Life's waiting for me.

I'm fourteen. I'm young. I recently left the stages of being a child. I'm stuck in between kid and grown up, just like all other teenagers. And now I'm told to plan my life. Choose a new school, choose subjects, choose an education, choose a career, choose a job, choose a life. I am fourteen yet already standing on the edge of being young. I'm realizing how close I am to making all decisions on my own, and it both scares me and excites me.
Next year, I could pack my bags and move to Gothenburg. I could study music, like I've been dreaming of for so long. Or I could go to Stockholm. I could start my own life there. A small apartment of 18 square metres, in a city where all I dream of isn't more than a kilometer away. I've been dreaming of it for oh so long, but never realized how soon it'll actually happen. A year could seem like a lot, but it will be me, alone out there. I won't become another person, I have learned that now. Before, when I was planning things further in time, I was thinking of my-further-self like someone else, but when actually standing there on the date of the happening it was just me. I hadn't lost any weight and I had woken up that morning not knowing what to wear, still as bored with my wardrobe as usual. Still everything I've always been. So in a year from now, I will stand there with my life stuffed in bags, ready to move it on. It will be me, blood and flesh, and no super hero. Can I make this on my own?

It excites me, because I'd meet so many different kinds of people and make new friends. I'd study music, drama, dance and art - precious subjects to me. I'd live where "the action is", close to stores, restaurants, boulevards, all sorts of entertainment, all sorts of knowledge, all sorts of everything. I know that it'd inspire me to keep going a lot more than going to school here.

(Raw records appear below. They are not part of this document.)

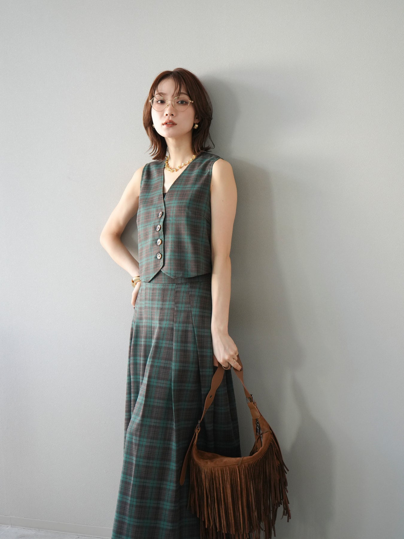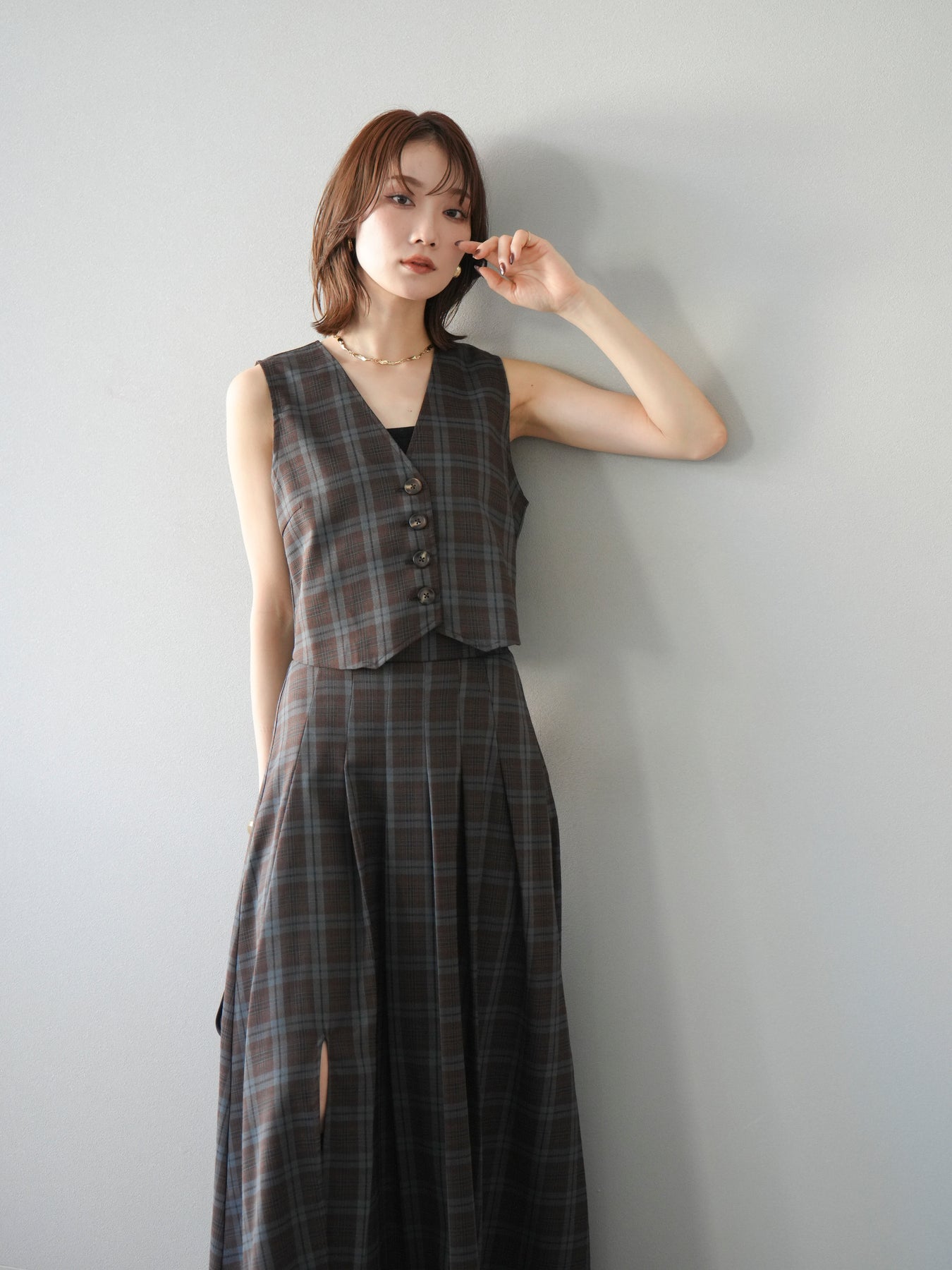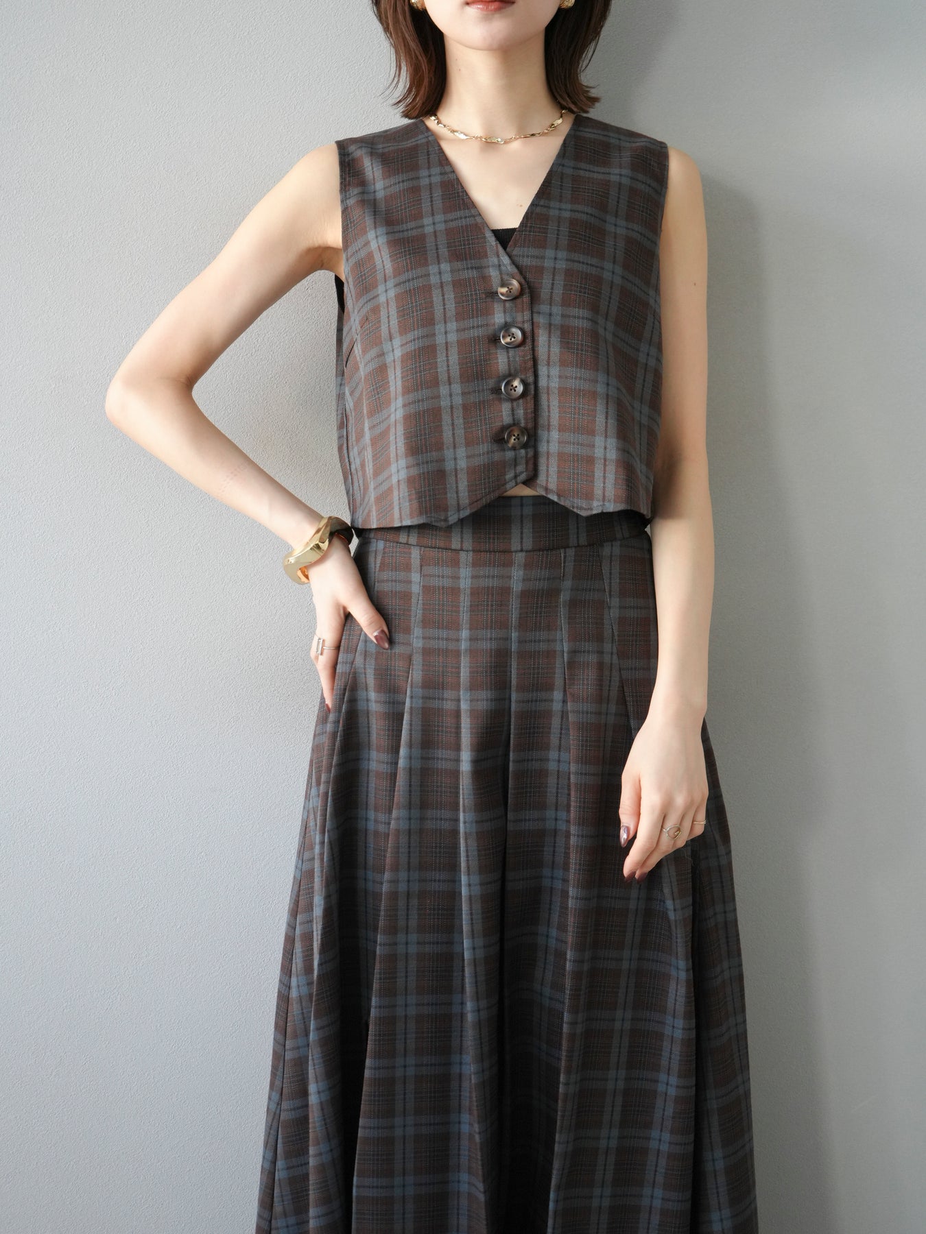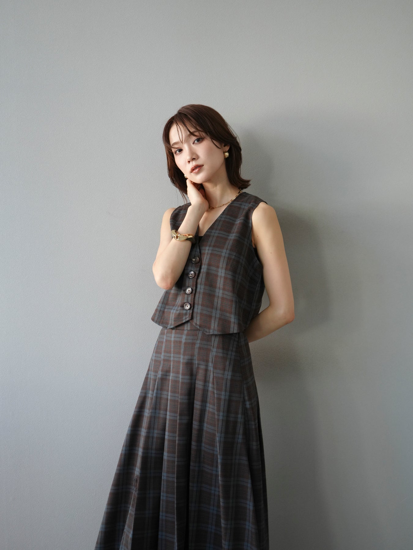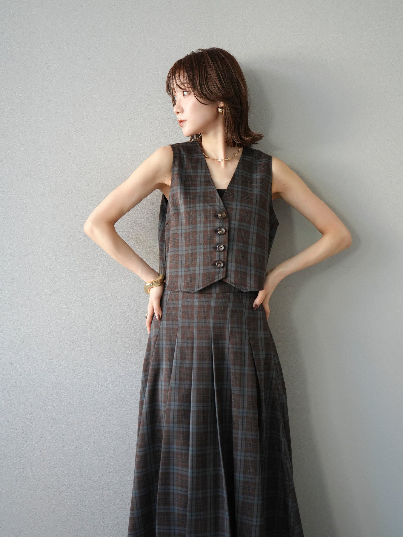 [SET] 格紋背心+格紋褶皺喇叭裙(2套)
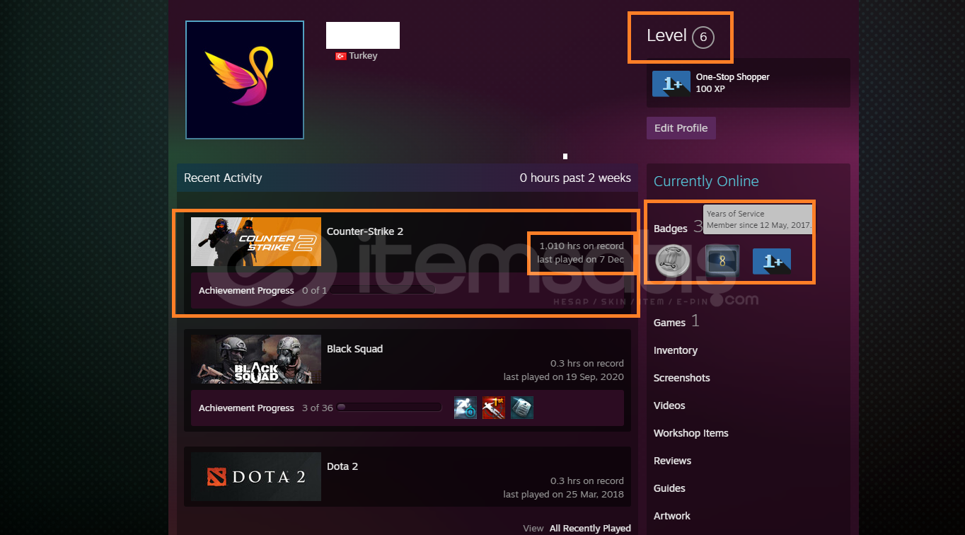MADALYALAR : CS GO ROZETİ+SADAKAT ROZETİ + 5 YIL ROZETİ + 2018+2017: 5 MADALYALI
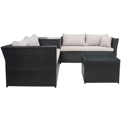 Transform your outdoor space into a stylish retreat with the LORMA 4PC Living Set in Black with Light Grey Cushions. This stunning ensemble combines sleek design with functional comfort, crafting an inviting atmosphere in any backyard, patio, or balcony. The rich black PE Wicker frame offers a modern touch, while the light grey cushions provide a soft contrast, enhancing the contemporary aesthetic.
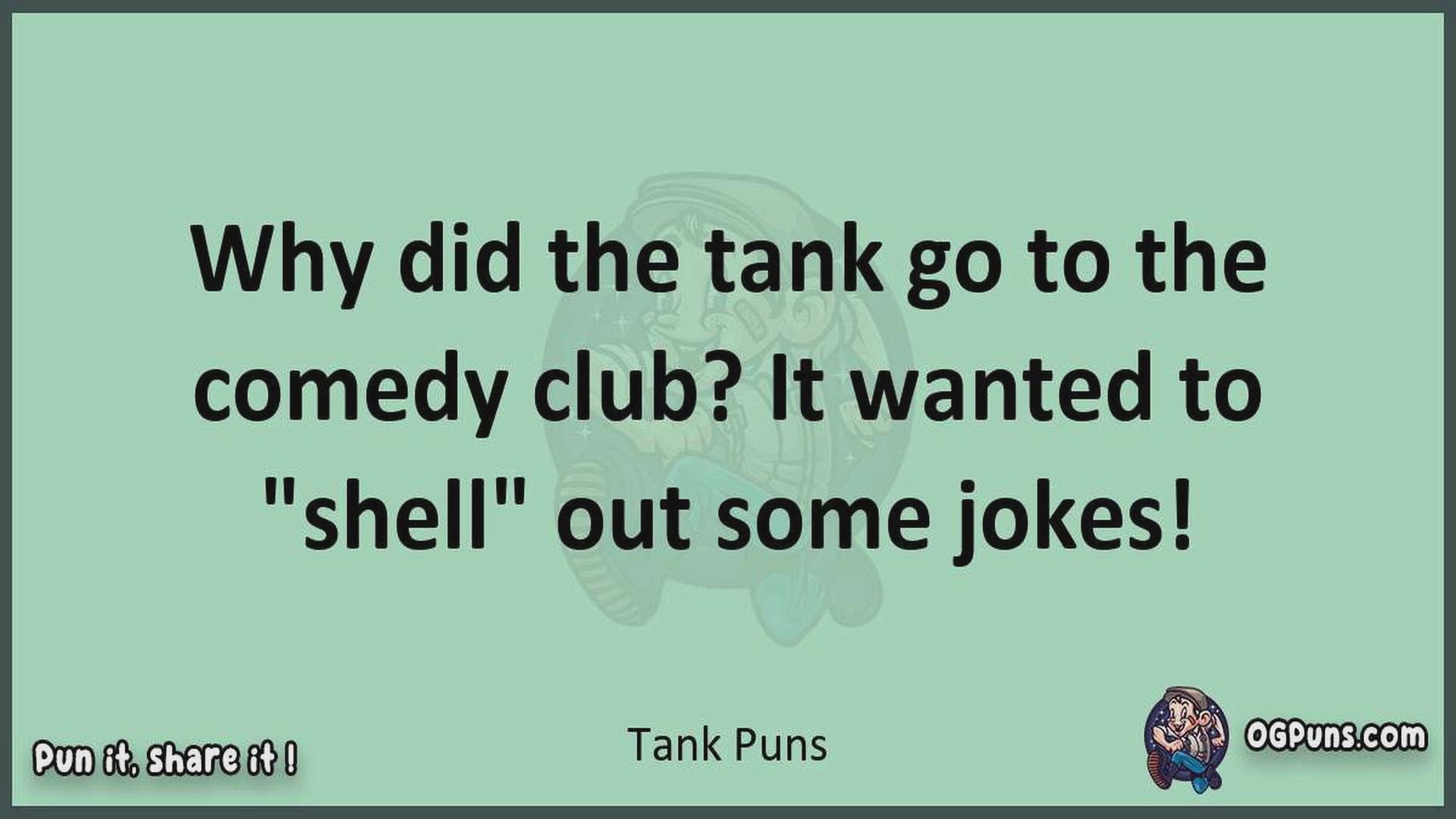 Delve into the delightful world of Tank Puns ! Here, you'll find an entertaining mix of jokes, puns, quips, and wordplay. Each piece is crafted to offer a quick escape into humor, perfect for a light-hearted moment in any day. Whether you're seeking a chuckle or a clever twist on familiar themes, this collection promises to deliver smiles and laughter. Embrace the lighter side of life with humor that's both witty and refreshing."
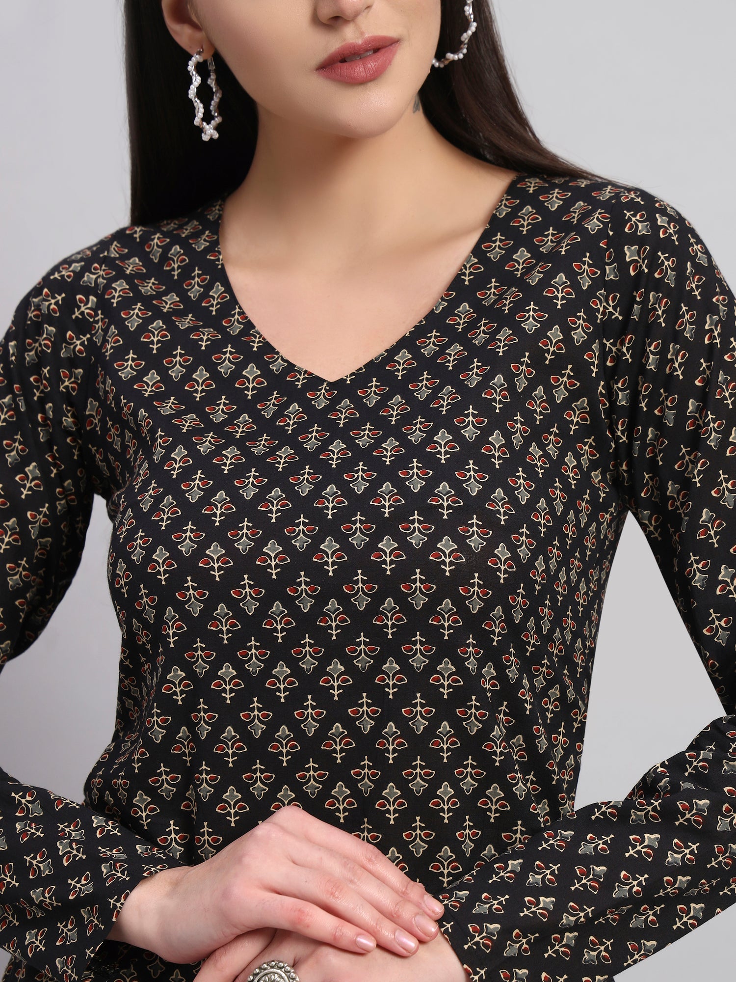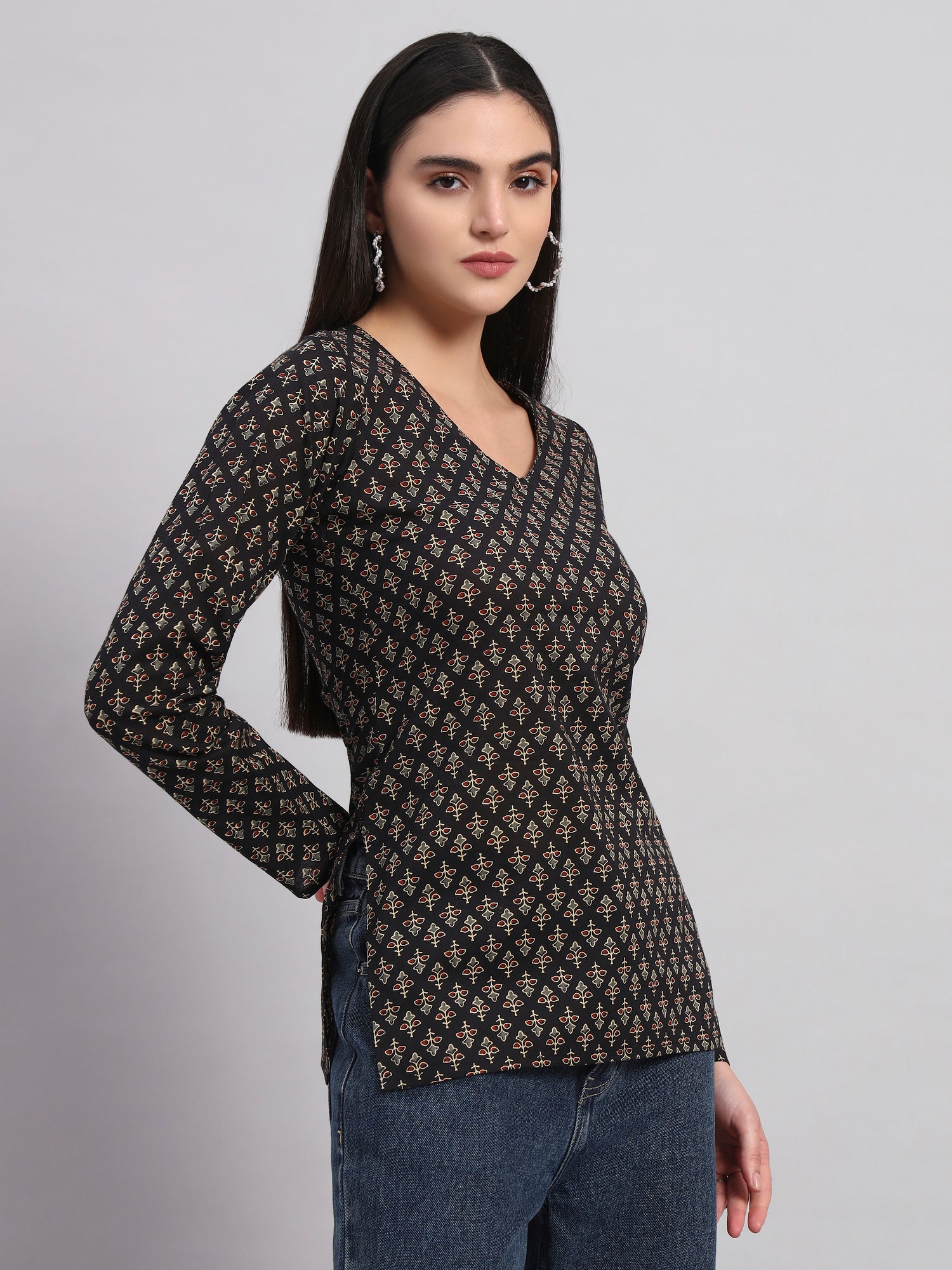 Turn heads effortlessly with this chic-meets-comfy printed kurti. With its sleek V-neck and full sleeves, it blends ethnic charm with everyday sass. Perfect for brunch, college, or coffee runs — this kurti got your vibe . Pair it with jeans, palazzos, or a skirt — it’s giving versatile queen energy.
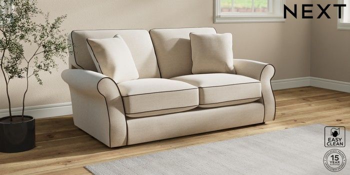 7.3.1 Buy Ashford Relaxed Sit Sofa Bed Fine Chenille with Contrast Oyster and Chocolate Brown Flat Bun - Mid from the Next UK online shop Click here to use our accessible website
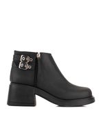 Bota corta de cuero con diseño moderno y femenino. Presenta hebillas decorativas que aportan carácter al modelo y cierre lateral que facilita el calce. Su taco ancho brinda estabilidad y comodidad, ideal para el uso diario combinando estilo y confort.
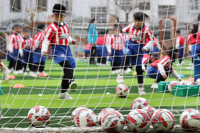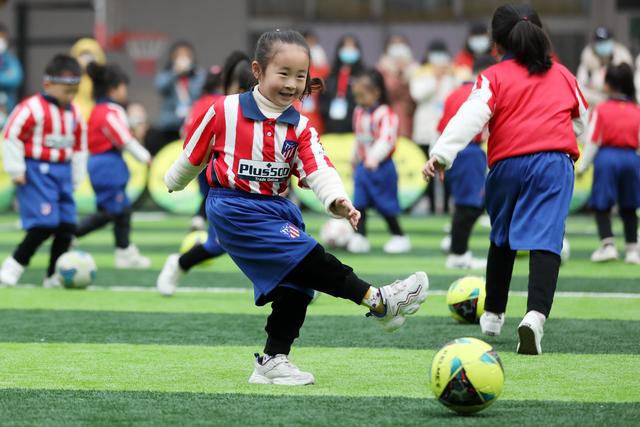 12月7日,淮北市第二實驗幼兒園的小朋友在足球課上學(xué)習(xí)踢足球。安徽省淮北市第二實驗幼兒園是一所“全國足球特色幼兒園”。該園把足球列入幼兒園體育課教學(xué)內(nèi)容,通過開設(shè)幼兒足球趣味練習(xí)、足球游戲等特色課程,向孩子們傳授足球基本知識和技巧,從小培養(yǎng)孩子們對足球的興趣,讓他們感受足球運動的魅力,健康快樂成長。新華社發(fā)(萬善朝 攝)
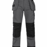 • twee zijbeenzakken: linker: ruimte voor telefoon, pennen, gereedschappen; rechter: twee aanpasbare hamerhouders, potloodzakje, duimstokzak en mesknoop
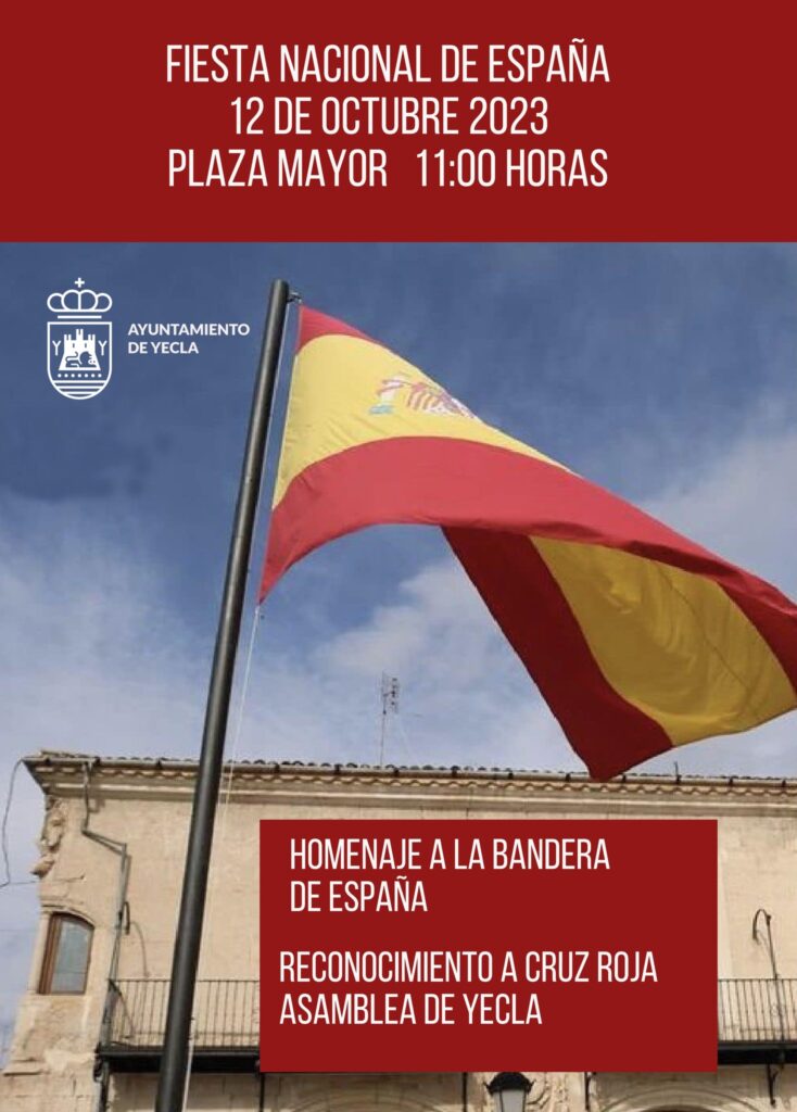 Jueves 12 de octubre, a las 11:00 horas en la Plaza Mayor: Homenaje a la Bandera y reconocimiento institucional a Cruz Roja – Asamblea de Yecla.
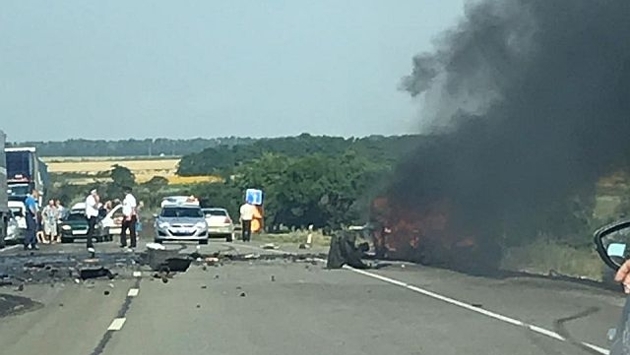 На Северном обходе в районе поселка Щепкин сегодня утром 7 июля произошла страшная авария с участием легковушки и большегруза. В Мясниковском районе на 3 километре водитель автомобиля Opel Corsa при совершении обгона не справился с управлением и на скорости врезался в фуру Scania. От сильного удара легковушка разлетелась на несколько частей и загорелась. В результате столкновения водитель Opel погиб на месте происшествия.
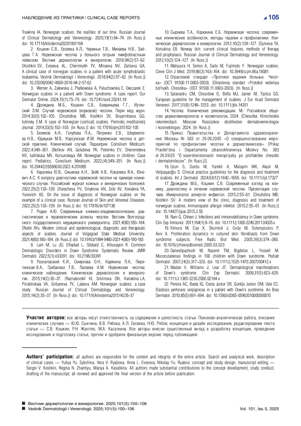 9. Разнатовский К.И., Смирнова О.Н., Карякина Л.А., Пирятинская В.А., Грибанова Т.В., Лалаева А.М. Норвежская чесотка: клиническое наблюдение. Клиническая дерматология и венерология. 2015;14(2):35-37. DOI: 10.17116/klinderma201514235-37

But it scares me. Because maybe I'd lose so many friends. I might miss seeing faces I'm sick of seeing nowadays. And what if I get terribly lonely? And what if "the action" gets dangerous? And in a way, I can't get back if I leave next year. The coming education is a three-year-programme. I'll be eighteen when graduating. That's when most people move out - what about me? Should I move back home? No. I dream of moving to London after graduation.
So maybe, all I've got left here is one year. It freaks the hell out of me. Yet it's the most fantastic thought in the whole wide world.

Is this really the end of being a child? It can't be. I'm not ready... yet oh so fucking ready. I just want to spread my wings and fly. All my life, my ambition has been being free. I could be free for real next year if I choose that. But I'm so scared. I thought it'd never be me. I thought it'd be someone sophisticated, someone ready for it.
But this is my dream, so close now. It's just around the corner. I just don't know if I'm fast enough to catch it.